To determine the functional significance of cytokines detected, the ability of conditioned supernatant to attract PBMCs was measured in a chemotaxis assay. Consistent with the reduced or unchanged cytokine concentrations, the number of migrating PBMCs towards supernatant from either VZV-infected qHA-sps or qHA-hps did not differ from that in their respective mock groups (0.82 ± 0.41 and 0.92 ± 0.32, respectively; mean fold change ± SD; p > 0.05, n = 7) (Fig. 4b, black and light gray bars, respectively).
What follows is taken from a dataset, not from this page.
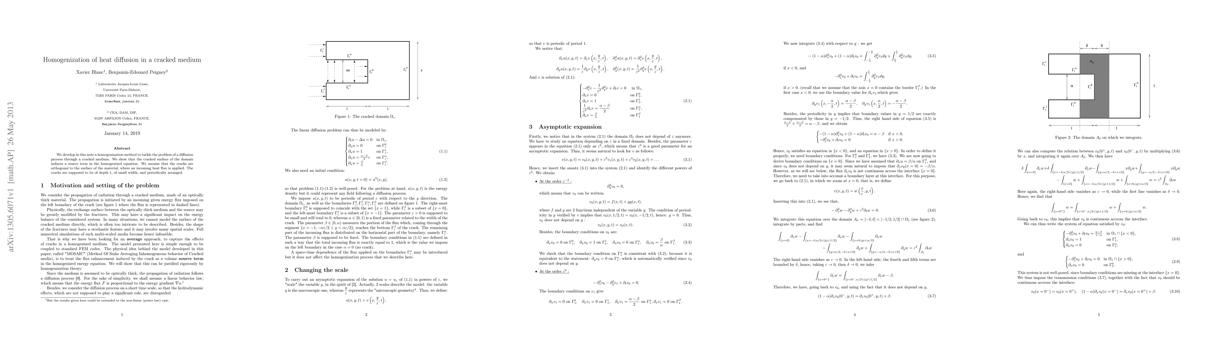 This research introduces a homogenization method for heat diffusion in cracked media, revealing that crack surfaces generate a source term in the simplified equation. The method assumes cracks perpendicular to the material's surface, with consistent depth and small width, arranged periodically.
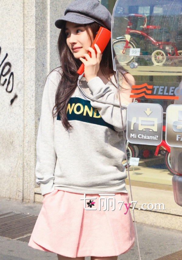 活泼休闲的露肩卫衣、粉色A字裙、再加上一顶灰色鸭舌帽,杨幂从头到脚的每个毛孔都散发出一股美少女般的青春活力。

In contrast, conditioned supernatant from VZV-infected qHPNCs, which had elevated levels of multiple proinflammatory cytokines, attracted significantly more PBMCs compared to mock-infected qHPNCs (5.24 ± 2.61; mean fold change ± SD; p < 0.001, n = 4) (Fig. 4b, dark gray bars, respectively). Chemokine (C-C motif) ligand 2 (CCL-2), used as a positive control (20 pg/mL, diluted in quiescent astrocyte media), attracted a significant number of PBMCs (4.88 ± 1.22, mean fold change ± SD relative to medium only, p < 0.01, n = 2); quiescent astrocyte medium (0.56 ± 0.19, n = 3; mean fold change ± SD) was used as a negative control (Fig. 4b).